Now brace yourselves, for this is quite a significant moment. Miley Cyrus has made her least annoying record ever. Equalling the peak of both See You Again and The Climb, the teenage star lands on the chart at Number 11 with her brand new single Party In The USA. I say "brand new" as regular readers will know I've been ranting for weeks about the rather strange release schedule which has meant that her most anticipated single yet has been available in most territories across the world. Such was the pent-up demand that this created that at one stage people were even buying a "tribute" soundalike version from iTunes which had been mislabelled as the real thing, whilst some online stores gave up waiting and listed chart ineligible "import" versions for download in the week before release. Now properly available, the single finally is allowed to chart and say what you will, it represents the next stage in Miley Cyrus' transition from cheesy TV star to proper singing superstar. [The single's other claim to fame? It was co-written by a pre-fame and at that time still "in development" Jessie J].

The other annual marketing curse of the music industry is also upon us - the Special Edition re-release just in time for Christmas. Lady Gaga's The Fame is the latest album to get the repackaging treatment, although any grumbling from fans about being ripped off for the sake of completing their collections are silenced somewhat by the revelation that the new version of her album now contains almost a whole new disc's worth of new material - The Fame Monster. One such new track now becomes her new single, Bad Romance landing on the chart at what is for the moment a rather understated Number 14. Counting the Wale single Chillin', this is now her sixth hit single of the year. All eyes are really on the best sellers of the year table, a list which she currently leads in both first and second place. Cheryl Cole aside, it seems only the X Factor has the power to prevent her from claiming the two biggest hits of the year.

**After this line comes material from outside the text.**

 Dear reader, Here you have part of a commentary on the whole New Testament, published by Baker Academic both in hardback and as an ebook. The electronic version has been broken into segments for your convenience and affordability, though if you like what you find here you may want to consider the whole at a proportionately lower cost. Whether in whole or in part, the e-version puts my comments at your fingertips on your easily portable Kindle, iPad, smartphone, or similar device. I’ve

Also new to the Top 20 are Biffy Clyro who chart their second hit of the year The Captain at Number 17. It is the follow-up to That Golden Rule which hit Number 10 back in September. Five places below is Anyway, the debut single for superstar dance pairing Duck Sauce. The duo are actually Armand Van Helden and A-Trak and the single is one track from the amusingly named Greatest Hits EP which also features club hit You're Nasty.

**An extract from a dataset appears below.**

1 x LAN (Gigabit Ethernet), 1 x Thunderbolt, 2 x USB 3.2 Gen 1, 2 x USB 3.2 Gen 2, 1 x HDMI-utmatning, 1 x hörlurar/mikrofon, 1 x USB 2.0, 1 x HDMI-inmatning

Finally, this week, as expected the Big Band format of the X Factor show last week struggled to inspire strong sales for any of the performed songs. Instead, the lower end of the chart plays host to the annual influx of ghostly themed singles as people prepared the playlists for their Halloween parties. Leading the charge is Thriller at Number 43 with Ghostbusters at Number 57 and Monster Mash at Number 61. Rather newer, but on a similarly spooky theme is Bad Things from Jace Everett which serves as the theme tune to the TV series "True Blood" which has recently begun airing in this country. The growing popularity of the TV show, complete with its vampire connections means it rises to Number 49 this week, its highest chart placing to date [but alas, one it would never go to exceed].